Maybe Berger should recheck his computer. Any way you add the score, Saddam emerged ahead on points:

With U.N. inspectors blinded, he got a 10-day window to mix chemical and biological horrors he might someday bristle at neighbors, mainly Israel. Now, more deceptions, denials and doubletalk.

He can strut as hero on “Day of the People” for again tweaking the beard of The Great Satan.

He has Russia’s vow to play advocate, pushing the lifting of trade sanctions against Iraq, in a U.N. Security Council stormily divided.

“He’s shown he can defy the power of the United States and will of the U.N., and get away with it,” said Ahmad Chalabi, Iraqi exile who wants to replace Saddam.

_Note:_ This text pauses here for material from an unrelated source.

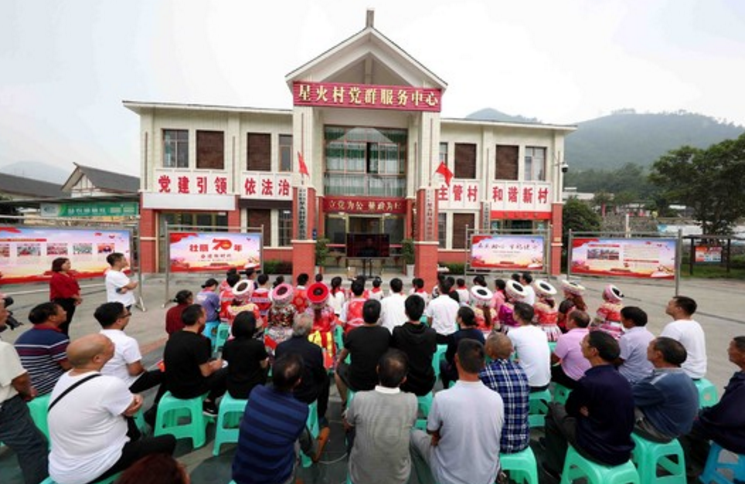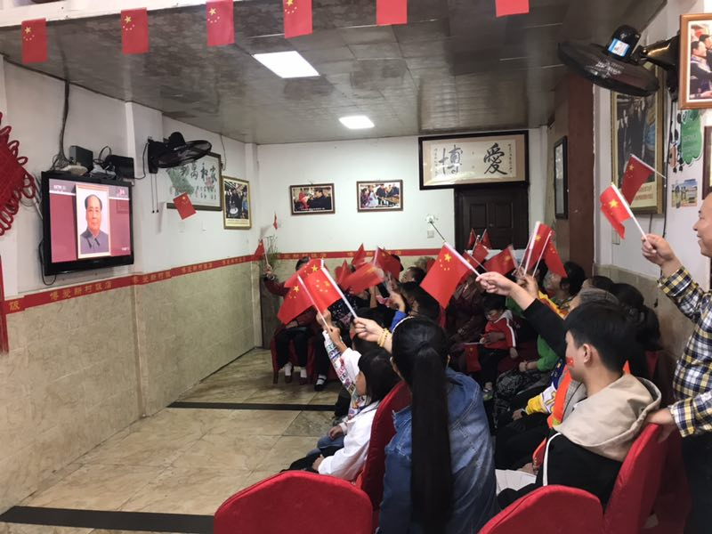 10月1日上午,庆祝中华人民共和国成立70周年大会、阅兵式、群众游行在北京天安门广场隆重举行。一大早,宜宾兴文县古宋镇星火村的党员群众就来到党群服务中心,集中收看直播盛况。

The losers are U.S. taxpayers who foot the tab for the military pressure.

How much? As the late Carl Sagan said of planets, “Bill-yuns and bill-yuns.” Even as Saddam backed down, B-52’s armed with Cruise missiles and F-117 Stealth fighters roared off U.S. soil for Gulf bases. Taking no chances on a Saddam mousetrap, Clinton is copying the Bush-Powell-Schwarzkopf play book: overwhelming force.

Think of it as dough invested to keep our Blazers, Cherokees and Expeditions guzzling down the interstates of America.

It’s not cheap, being lone cop on the oil beat.